変更要約: Professional Cloud Security Engineer 第5章を新規作成(ドメイン5「コンプライアンス」: 技術的ニーズの判断・責任共有モデル・スコープ特定・要件→サービス/制御のマッピング・Access Transparency/Access Approval、Assured Workloads・組織ポリシー(事前ビルド/カスタム)・データとサービスのリージョナリゼーション(リソースロケーション制約)・ネットワーク/アクセスのセグメンテーション・監査ログの網羅)。
5.1規制要件と責任共有モデル
コンピュート/データ/ネットワーク/ストレージに関する技術的ニーズの判断、責任共有モデルの評価、規制コンプライアンスの対象となる Google Cloud 環境(スコープ)の特定、コンプライアンス要件を Google Cloud のサービスとセキュリティ制御(ネットワーク/アクセスのセグメンテーション、監査ログの網羅)へマッピングすることを理解します。
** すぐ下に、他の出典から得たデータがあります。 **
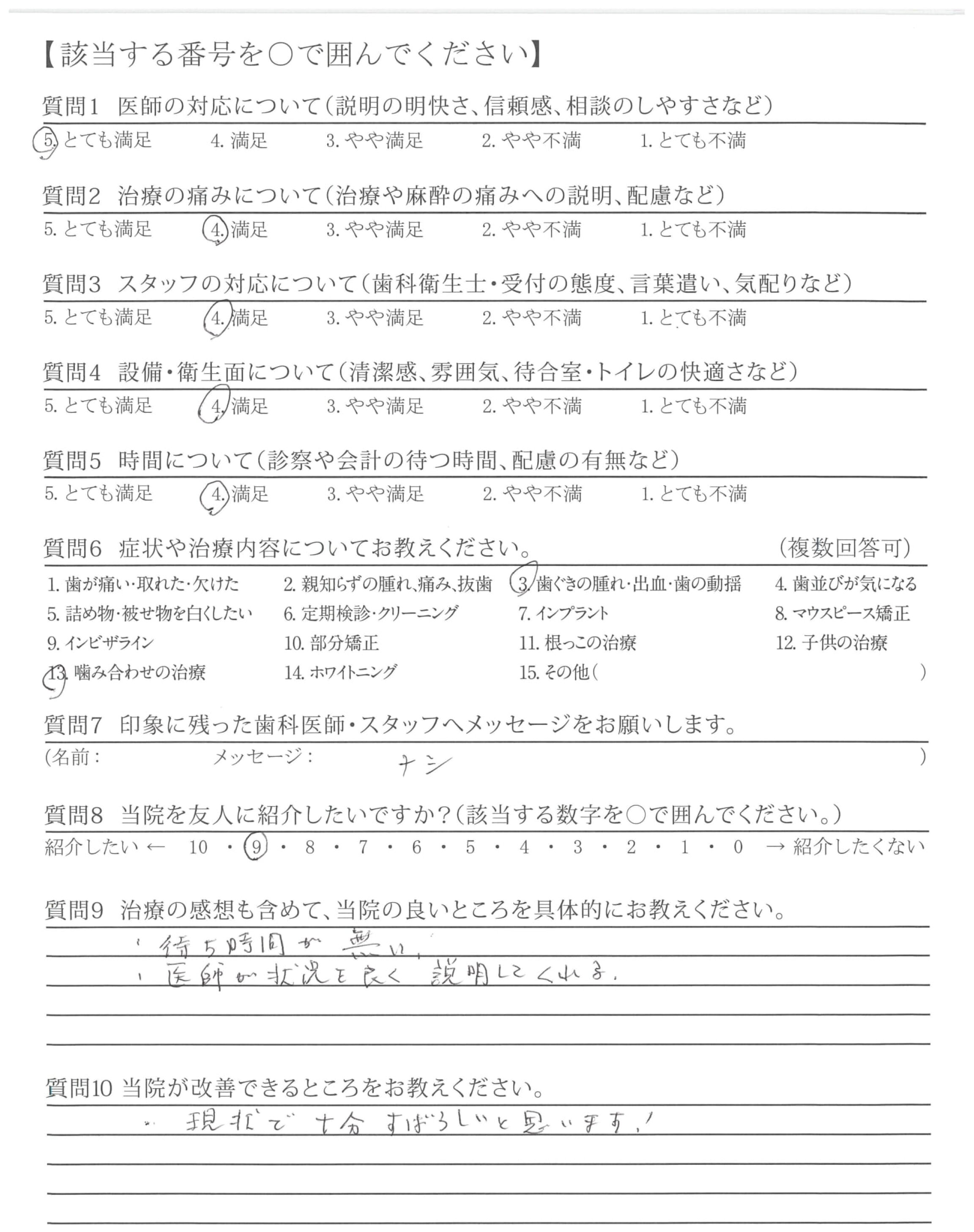 ・院長さんはじめ受付のスタッフさん皆様とても感じが良く、フレンドリーで話しやすく待ち時間もなく、院内も清潔で歯医者さんのイメージが変わり、歯医者が大嫌いな私が気持ち良く通院できました。

コンプライアンスは「何が自分の責任で、どの環境が対象か」を正しく区切ることから始まります。要件を具体的な Google Cloud の制御へ翻訳します。
5.1.1責任共有モデルとスコープ
クラウドのセキュリティは 責任共有モデル で分担します。物理基盤やハイパーバイザーは Google、データ/ID/構成/アクセス制御は顧客の責任で、IaaS/PaaS/SaaS で境界が変わります(マネージドほど顧客責任が減る)。さらに Sovereignty(主権) の観点で、Google が運用に関与した記録を見る Access Transparency、Google のアクセスに事前承認を要求する Access Approval があります。規制対応ではまず スコープ(対象となる Google Cloud 環境=プロジェクト/フォルダ/データ)を特定し、技術的ニーズ(コンピュート/データ/ネットワーク/ストレージ)を整理します。「Google のアクセスを可視化=Access Transparency」「Google のアクセスに承認を要求=Access Approval」を結びます。
5.1.2要件のマッピング
コンプライアンス要件は、具体的な Google Cloud のサービスとセキュリティ制御 へマッピングします。例:データ分離→VPC Service Controls/ネットワークセグメンテーション、アクセス分離→IAM/最小権限/職務分掌、証跡→Cloud Audit Logs の網羅(データアクセスログ含む)、暗号化→CMEK/EKM、機微データ→Sensitive Data Protection。要件ごとに「どの制御が証拠になるか」を対応づけ、監査で提示できるようにします。「ネットワーク/アクセスのセグメンテーション+監査ログ網羅」がマッピングの定番軸です。